Ignoring his cohort, Rollo moved in even closer. Our noses almost touched and I felt his hot breath on my face. “I’ll cut you, man. You’ll bleed red, man. Your stinkin’ blood will gush.”
He raised his knife slowly. I felt the sharp pressure of the tip of the blade pressing against my jugular. One more millimeter and I’d die.
“Rollo, let’s go! Morelli will be back by now.”
“Then I’ll cut ’im? When we come back?”
“Yeah, Rollo. If he don’t talk, you can cut him up. You can cut him in as many pieces as you want.”
CHAPTER 38
Danny and Rollo left and I heard the rattle of a padlock on the door outside. I stood there alone, sweating like a hog. My hands, behind my back, started to tingle from lack of circulation. The bastards had wound the duct tape too tight. I struggled to get loose but couldn’t move my wrists even a fraction of an inch. The tape around my shins didn’t seem as tight as the tape binding my wrists. Standing on my toes, I kept working my feet, moving them from side to side a millimeter at a time.
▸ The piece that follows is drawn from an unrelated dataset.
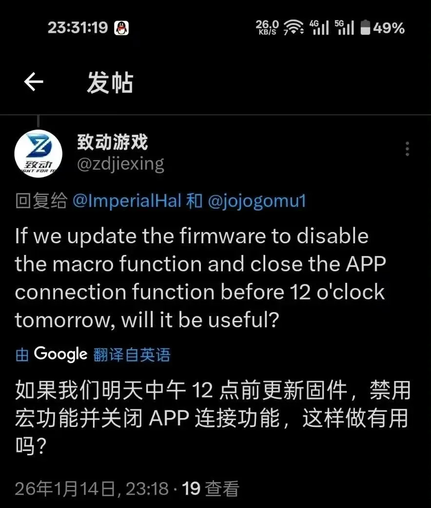 由于Hal选手使用的是国产品牌“致动”手柄,于是致动品牌半夜发帖询问,如果赶在第二天中午前更新固件,禁用宏功能和关闭app连接功能是否可行。

Time crawled. I continued working my feet and legs, tightening and loosening my calf muscles. What little light there was at the start of this ordeal had soon disappeared with the onset of night, leaving the inside of the warehouse pitch black. But it remained hot and my clothes were drenched with sweat.
Soon my eyes became accustomed to the darkness. In the shadows, I was able to identify outlines of the beams. I saw puddles of standing water, lengths of broken pipe, and other debris that littered the floor. There were holes in the walls where some of the bricks had separated. One good earthquake would level this dump.
I stopped working the tape with my feet and listened, thinking I heard a car outside. I shouted and my voice reverberated inside the building. Listening again, I heard nothing.
More hours passed. My muscles ached, my throat was parched, and my stomach growled. I hardly had anything to eat all day and was getting hungry.
I wondered about Roberts. Had the hospital called the office? If so, Mabel would be pissed when she tried to locate me. And Sol would be out of his mind by now.